Распутин фыркнул и пошел к себе в комнату – полежать. Чувствовал, мозжила, перемещаясь с места на место, боль, подпорченное вином сердце осекалось, дыхание пропадало. На ходу он проговорил равнодушно:
– Ну, ищи, ищи!
Прасковья Федоровна переместилась на пол, стала простукивать паркетины, плинтусы, порожки, набитые под двери, чтобы не дуло, извозила себе все коленки, юбку превратила в старую грязную тряпку, но ничего не нашла.
Распутин первый раз видел жену такой: никогда Прасковья Федоровна не была злобной, нахрапистой, ущербной, не трясла щеками и не сорила на полу седеющим, легким, как пух, волосом.
– Чего это с тобой произошло? – спросил он, поспав немного и снова выглянув в прихожую. – Какая муха тебя укусила?
– Какая, какая… – пробурчала та сипло – едва приехала в Петроград, как голос у нее сел, стал дырявым. – Сейчас как звездану ножкой от табуретки!
– Ты чего? – опешил Распутин. – С цепи сорвалась? За что?

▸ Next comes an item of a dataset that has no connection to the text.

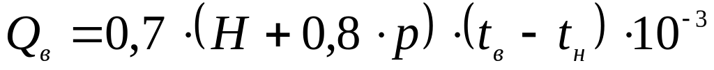 Втрати теплоти , кВт, на нагрівання зовнішнього повітря, проникаючого у вхідні вестибюлі будівель через зовнішні двері за відсутності легко-теплових завіс і одному вхідному тамбурі слід розраховувати по формулі:
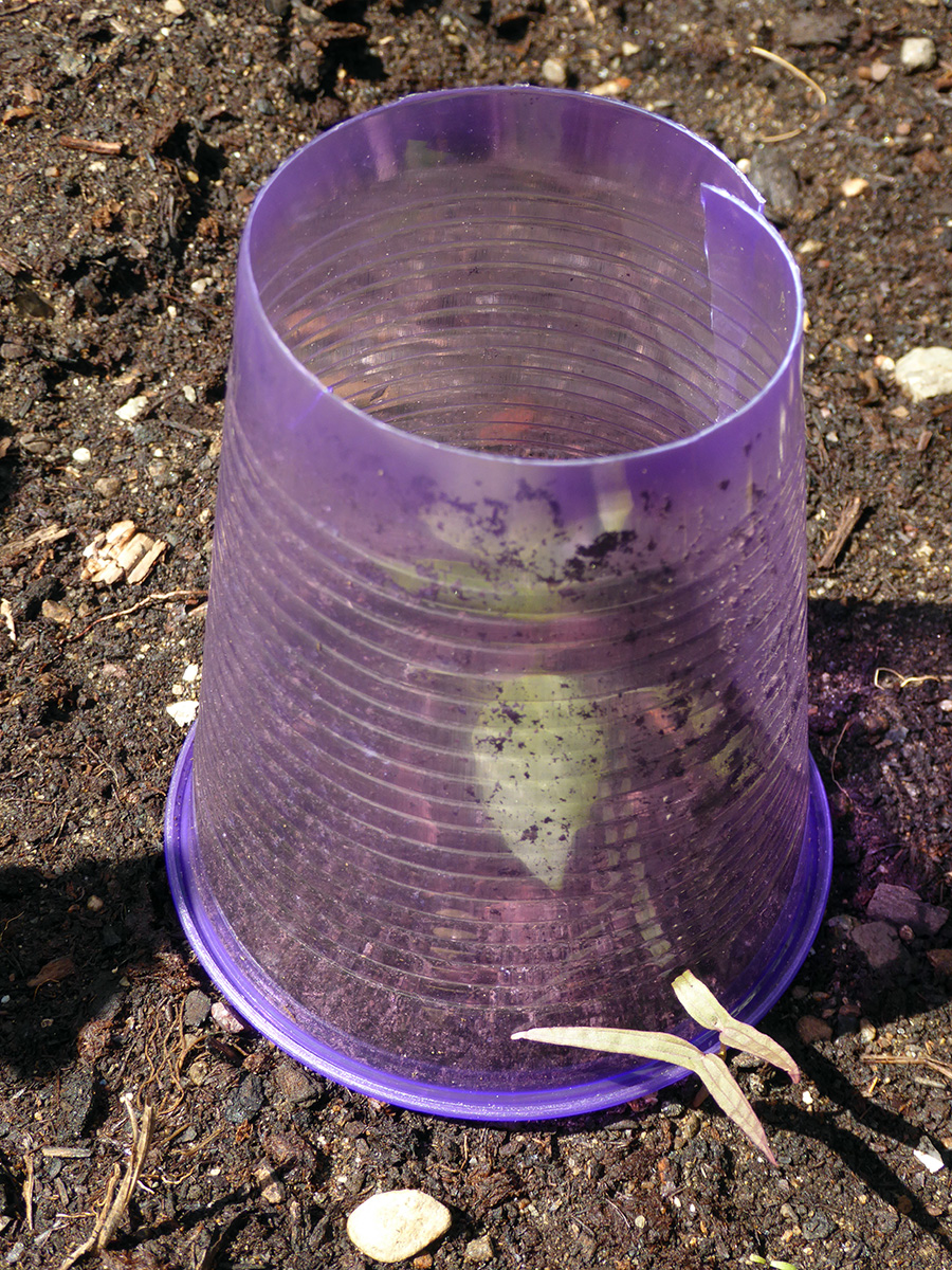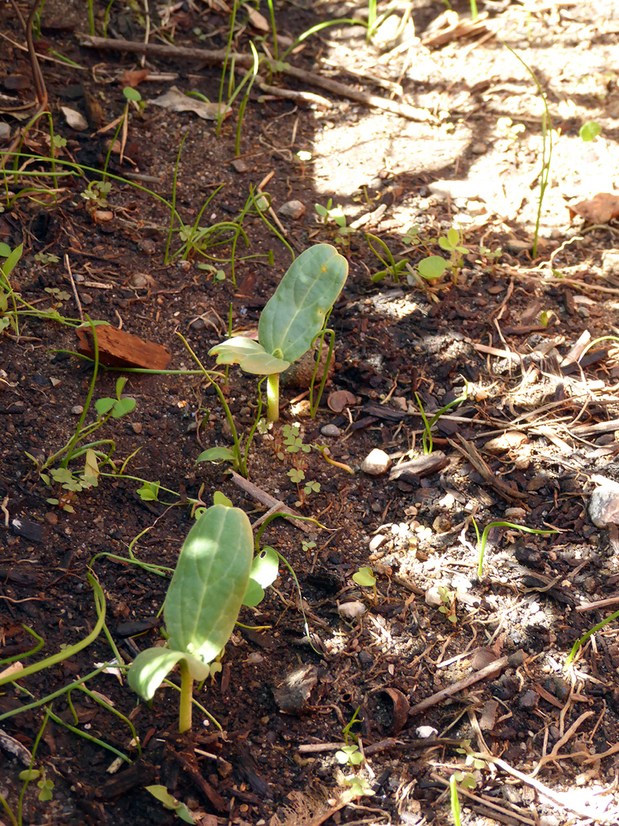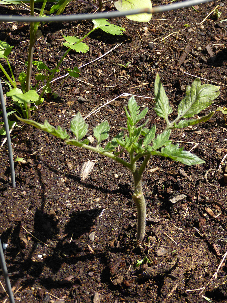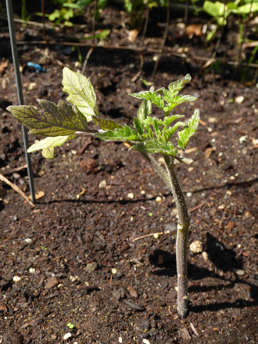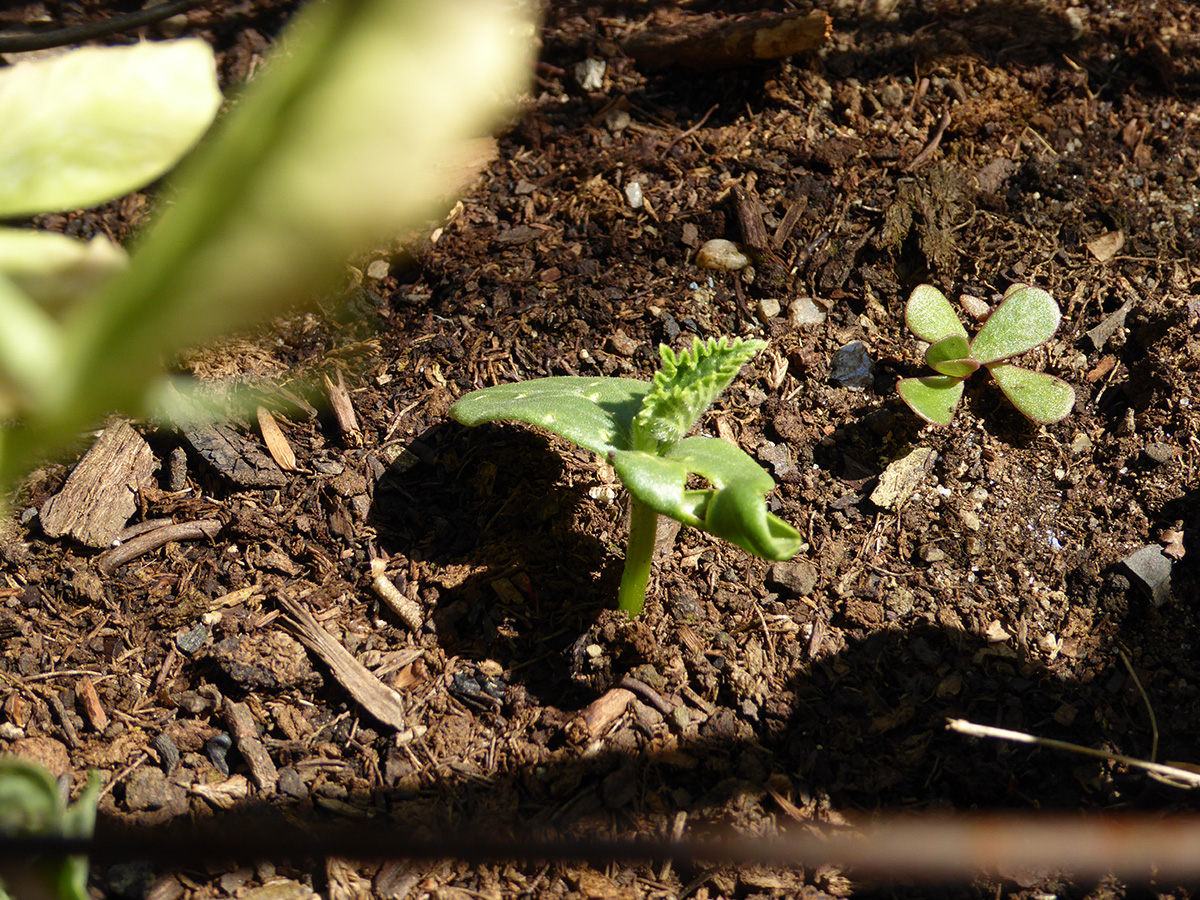 elsewhere in the garden: i noticed no difference in the iron treated jasmines, the leaves still show signs of chlorosis. we moved them to a sunny location, hopefully the light will induce the leaves to turn green. i noticed this last week, but the morning glory and moon flower seeds have germinated along the southern wall. they will grow slowly because the fence blocks the light, but once they crawl up the trellis they will get the sunshine they need. a few dahlias have also sprouted, i put plastic collars around them to protect them from possible critters.

– За все! – обрезала Прасковья Федоровна. – За то, что жизнь мою испоганил. Ко мне купец первой гильдии Тарабукин из Тюмени сватался, а я ему отказала…
– Во баба! – не удержался Распутин, вытянул перед собой руку, крепко сжатую в кулак, прикидывая, опечатать жену этим кулаком или подождать, вздохнул расстроенно и разжал кулак. – Дура! И где сейчас твой этот… Буртабукин?
– Не знаю. – Губы у Прасковьи Федоровны плаксиво скривились.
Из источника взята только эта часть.